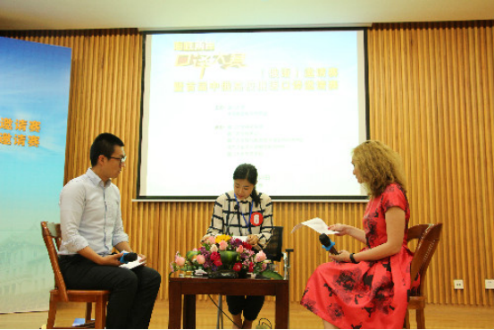 下午14时30分,决赛“对话口译”的比拼更为激烈地展开,这个环节对选手的双向口译能力、交际能力和综合素质进行了考察。选手需要在对话嘉宾话音落下后立即进行翻译。嘉宾们思路开阔,谈话内容以“国际电影节”、“区域性国际组织”等主题,选手们下笔如飞、妙语连珠,引来现场观众的阵阵喝彩。
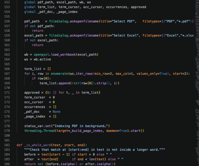 A desktop tool to help authors prepare an index. After specifying a list of terms in an Excel spreadsheet, the program will automatically find and highlight each term in the pdf, allowing you to review the term and approve it or skip it using keyboard shortcuts. Approved terms are recorded in the spreadsheet in the…
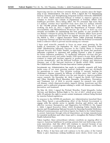 62184 Federal Register / Vol. 85, No. 191 / Thursday, October 1, 2020 / Presidential Documents
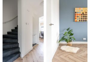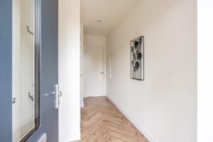 Als je de entree binnenkomt vind je het keurige toilet, meterkast en trapopgang naar boven. Wat meteen opvalt is de nette en strakke afwerking door de gehele woning. Over de gehele woning ligt een fraaie pvc vloer, gelegd in visgraat en in een sfeervolle lichte kleurstelling. Daarmee heb je de charme van een houten vloer en toch het gemak en comfort in onderhoud.
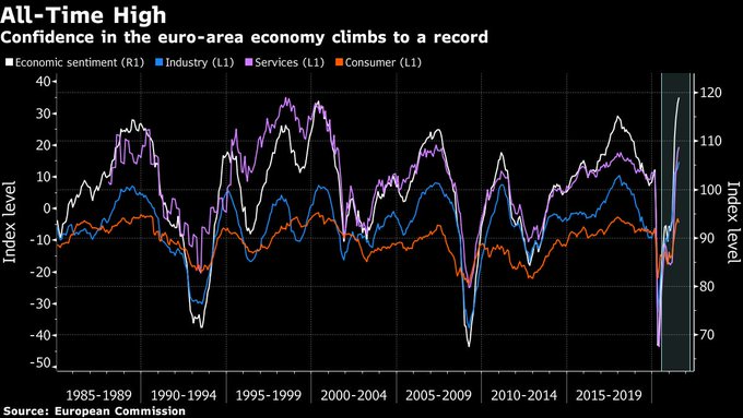 Confidence in the euro-area economy climbs to a record as business resurges following the end of coronavirus lockdowns

* [TASK BRIEF] Only the pictures stay behind; everything else in the data above is to be retyped exactly.

* [ANSWER SECTION]
 下午14时30分,决赛“对话口译”的比拼更为激烈地展开,这个环节对选手的双向口译能力、交际能力和综合素质进行了考察。选手需要在对话嘉宾话音落下后立即进行翻译。嘉宾们思路开阔,谈话内容以“国际电影节”、“区域性国际组织”等主题,选手们下笔如飞、妙语连珠,引来现场观众的阵阵喝彩。
 A desktop tool to help authors prepare an index. After specifying a list of terms in an Excel spreadsheet, the program will automatically find and highlight each term in the pdf, allowing you to review the term and approve it or skip it using keyboard shortcuts. Approved terms are recorded in the spreadsheet in the…
 62184 Federal Register / Vol. 85, No. 191 / Thursday, October 1, 2020 / Presidential Documents
 Als je de entree binnenkomt vind je het keurige toilet, meterkast en trapopgang naar boven. Wat meteen opvalt is de nette en strakke afwerking door de gehele woning. Over de gehele woning ligt een fraaie pvc vloer, gelegd in visgraat en in een sfeervolle lichte kleurstelling. Daarmee heb je de charme van een houten vloer en toch het gemak en comfort in onderhoud.
 Confidence in the euro-area economy climbs to a record as business resurges following the end of coronavirus lockdowns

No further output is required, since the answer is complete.